Ruby and McFall-Ngai have been developing a system using squid to look at how benign bacteria interact with animals.

The biochemical, molecular and morphological changes seen in the squid in response to interaction with the bacterium are similar to those seen with the bacterial pathogen that attacks lungs of children with cystic fibrosis, she said.

The Iowa group, led by E. Peter Greenberg, professor of molecular pathogenesis and microbiology, is concentrating on the bacterium-related disease process in cystic fibrosis.

"They're studying disease; we're studying health," McFall-Ngai said.

The researchers have had long associations. Greenberg and Ruby have worked together since they were postdoctoral researchers at Harvard University.

Michael A. Apicella, UI head of microbiology, collaborates with McFall-Ngai on a National Institutes of Health study looking at how certain bacterial molecules trigger inflammation in humans.

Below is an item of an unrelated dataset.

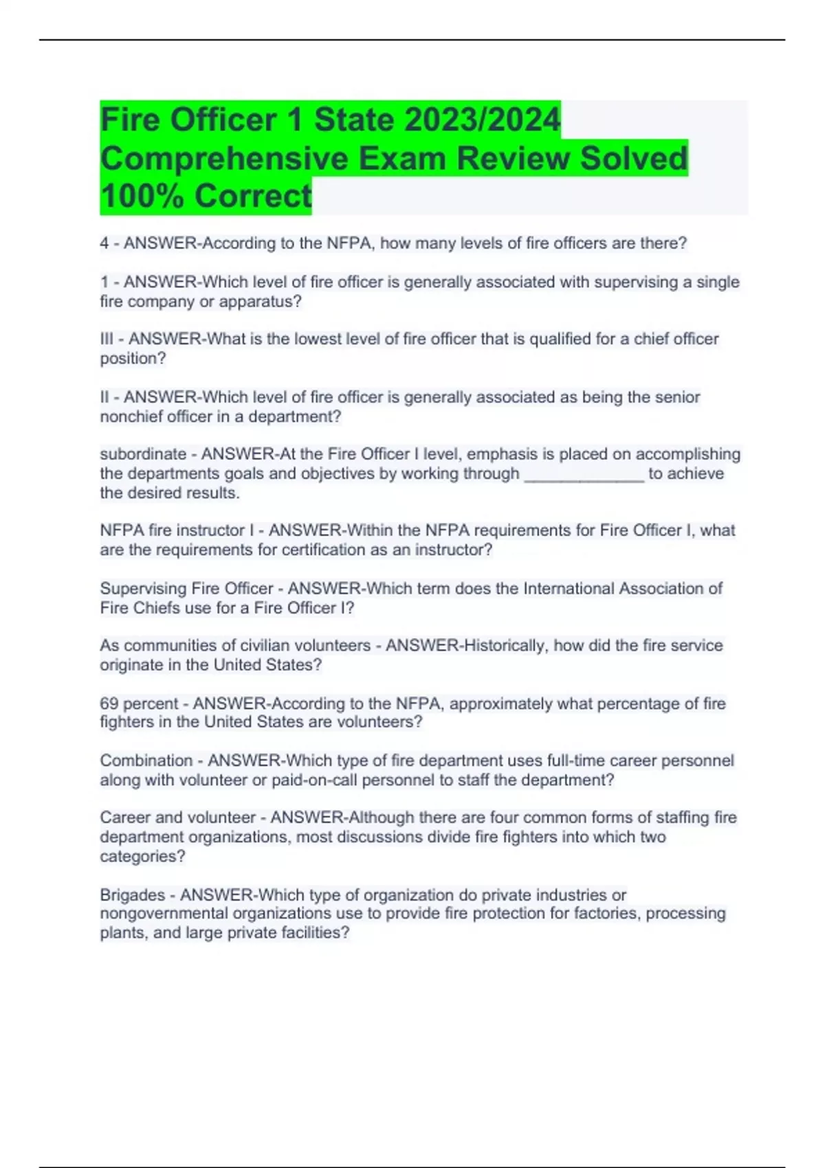 Fire officer 1 /Fire Officer II /Fire Officer III /Fire Officer IV/Florida Fire Officer Exams Package Deal -Solved

Ruby said the researchers were drawn together by questions about persistent long-term colonizations of animal tissue by bacteria.

"We generally think of that as a negative thing because we're so focused on pathogenesis and disease," he said. But people generally are colonized by large numbers of important and beneficial bacteria, he said. "Their presence is as important as the absence of bad bacteria."

Few studies have been done on how beneficial bacteria colonize animals, yet UH and UI scientists have discovered "a lot of similarities in the way bacteria colonize us to our benefit, as well as to our detriment," Ruby said.

"The same kind of mechanisms are being used by bacteria to identify host tissue and begin to live in it," he said. The disease-causing bacterium is like a spy who fools the other side into thinking he's a good guy, which opens some tissues to it, then becomes a mole in the structure, Ruby said.

"They get the same kind of access we give beneficial bacteria, and once they gain entry, they try not to play the game fairly," he said.

"Because we have those doors there ... we're interested in finding the keys, because if you know the keys, you know how to design the locks better."